A growing number of locales around the U.S. are expanding access to pre-k, with 42 states spending over $6.2 billion on state-funded pre-k programs (Barnett et al., 2016). New York City is a prominent example. Beginning in 2011, NYC began a set of pre-k reforms: rolling out the Common Core standards in 2011 and establishing pre-k program quality requirements across all sites by consolidating funding streams via the EarlyLearn initiative in 2012. In 2014-2015, the City expanded full-day pre-k from 19,000 to 53,000 slots via Mayor de Blasio’s Pre-K for All initiative (Potter, 2015). Subsequently, the City rolled out professional development tracks to support sites’ program quality, including a math track using the Building Blocks curriculum (Clements & Sarama 2007).

Simultaneously (2013-2015), Making Pre-K Count (MPC)—a cluster-randomized controlled trial—was evaluating a large-scale, two-year implementation of the Building Blocks curriculum plus training and coaching in NYC pre-ks. MPC collected extensive data across 173 classrooms on program implementation and teacher math practices across two years and examined impacts on children’s pre-k and elementary school outcomes (Morris, Mattera & Maier, 2016; Mattera & Morris, 2017). MPC data coincide with a time of major change in the NYC pre-k system and provide a case study of how research data can help support and inform large-scale change. In this paper, we will present descriptive data on program fidelity and teacher practices, as well as findings from MPC, and how this information has informed NYC’s pre-k expansion efforts.

MPC closely monitored implementation of coaching and curricular implementation via weekly online logs capturing amount, content, and quality of content delivered.
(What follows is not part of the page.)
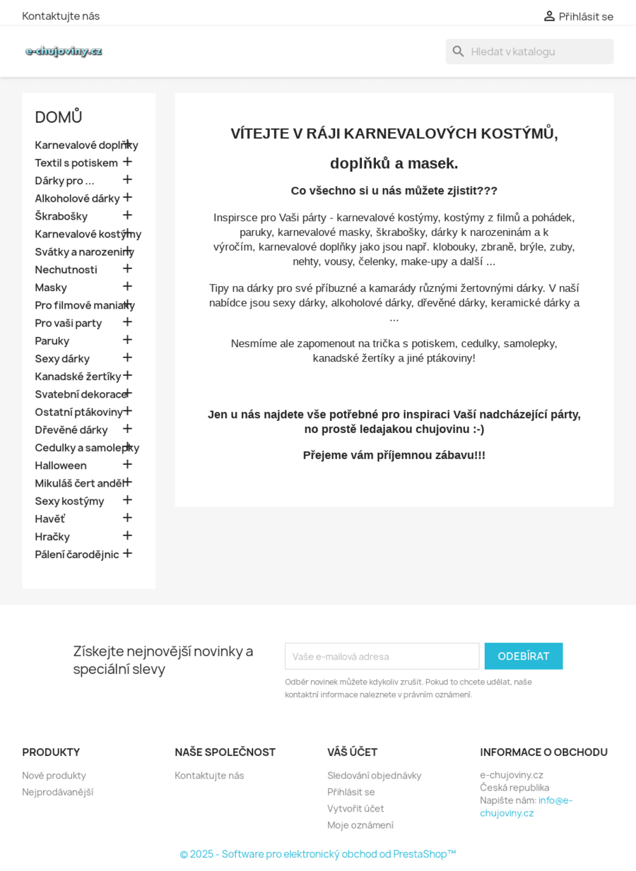 Jedná se především o produkty, které využijete na Vaší párty, nebo dárky k narozeninám a výročím, karnevalové kostýmy, kostýmy z filmů a pohádek, paruky, karnevalové masky, škrabošky, různé karnevalové doplňky jako např. klobouky, zbraně, brýle, zuby, nehty, vousy, čelenky, make-upy apod. V naší nabídce jsou ale i takové věci jako hovínka, pavouci, mouchy apod. :)

Logs were paired with pre-specified technical assistance benchmarks, allowing coaches and trainers to provide targeted technical assistance in real time. The MPC team shared these extensive logs and lessons learned with NYC’s pre-k team, helping them adapt the fidelity tool to their classrooms and goals.

MPC also collected detailed data about classroom math instruction via an adaptation of the COEMET (Sarama & Clements, 2009). Observers blind to treatment condition documented every instance of math during a three-hour observation. These data were collected on control classrooms in the spring of years 2013, 2014, and 2015, at the same time as many NYC pre-k initiatives were rolled out. Descriptive analyses suggest a jump in the amount of math instruction between 2013 and 2015, with an average of 15.8 minutes of math per three-hour observation in spring 2013 and an average of 22.7 minutes in spring 2015. These changes seem to be more prominent in community-based settings than in public schools. The presentation will provide additional descriptive findings from this math observation in control classrooms experiencing this large-scale change.

MPC data provide a unique opportunity to describe classrooms while pre-k initiatives were being rolled out in NYC during 2013-2015. This presentation will focus on how the richness of these data and their overlap with the City’s pre-k priorities and initiatives can and have helped support and inform the City’s efforts for program monitoring and measure creation.